Хозяйка повернулась к мужу задом… что, вы считаете это неприличным? Ничего неприличного здесь нет. Один и тот же поступок можно квалифицировать как вежливый и невежливый, все зависит от того, как к нему подойти. В том, что жена подняла свой величественный зад перед самым лицом мужа, а тот смиренно уткнулся в него головой, нет ничего непристойного. Они были выше предрассудков. Им удалось избавиться от них еще на первом году супружеской жизни.

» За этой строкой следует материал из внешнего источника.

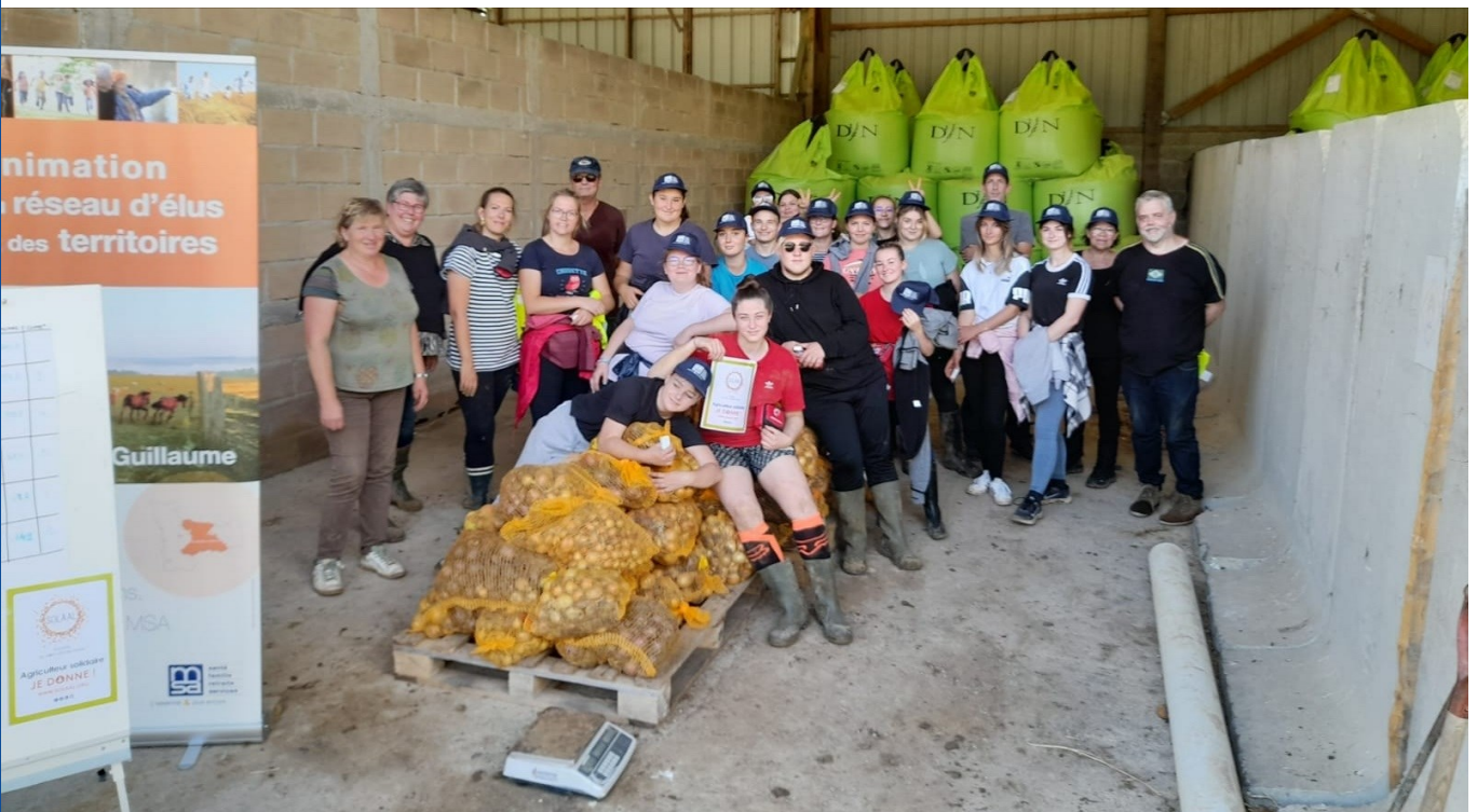
Glanage par les étudiants de la MFR de Trun, à la Ferme d'Ailly (14)

Partager les photos et témoignages des participants motiveront également les volontaires sur les éditions futures. En annexe du guide, un exemple de remerciements est proposé.

…Итак, приняв столь необычную позу и распустив по плечам свои черные как смоль, только что вымытые волосы, хозяйка молча занималась шитьем. Впрочем, именно для того, чтобы просушить волосы, она вышла с шитьем на галерею и почтительно повернулась к мужу задом. Табачный дым, о котором я вам только что говорил, все так же легко проникал многочисленными струйками сквозь слегка колыхавшиеся на ветру черные волосы, а хозяин неотрывно глядел на неожиданно возникшее перед ним марево. Дым, однако, не задерживался на месте, а находился в постоянном движении, и, для того, чтобы проследить за тем, как струйки дыма сплетаются с волосами, хозяину приходилось неотступно следовать взглядом за дымом. Начав наблюдение с того самого момента, когда дым проходил над поясницей жены, он медленно перевел взгляд на спину своей верной подруги, потом скользнул им по плечам, по затылку и, добравшись наконец до макушки, невольно с удивлением воскликнул: «Ах!»… На самой макушке его дорогой супруги, с которой он обещал не разлучаться до самой смерти, виднелась большая, совершенно гладкая плешь. Словно воспользовавшись долгожданным моментом, она ярко сверкала под теплыми лучами солнца. Когда хозяин столь неожиданно для себя обнаружил, что супруга плешивая, он разинул рот и широко раскрытыми глазами уставился в ее затылок. Плешь напомнила хозяину лампаду, украшавшую божницу, которая переходила в их семье по наследству из поколения в поколение. Семья тратила довольно много денег на религиозные обряды, что пагубным образом сказывалось на ее положении. Хозяин вспомнил, как в детстве он иногда заходил в амбар, где стояло украшенное серебряной мишурой дзуси [83] с латунной лампадой внутри. В лампаде даже днем тускло горел огонек. Во мраке, со всех сторон обступавшем эту лампаду, свет ее казался особенно ярким, а поэтому теперь, при виде лысины на голове жены, перед глазами хозяина внезапно всплыл образ далекого детства, и он отчетливо представил себе лампаду. Но не прошло и минуты, как видение исчезло. Теперь он вспомнил голубя богини Каннон [84]. Казалось бы, голубь богини Каннон не имеет никакого отношения к лысине хозяйки, но в сознании хозяина между этими двумя предметами существовала прочная связь. В далеком детстве, всякий раз когда его возили в Асакуса [85], он непременно покупал горох, чтобы кормить голубей. Горох продавался в красных глиняных тарелочках, и эти тарелочки своим цветом и величиной тоже напоминали лысину.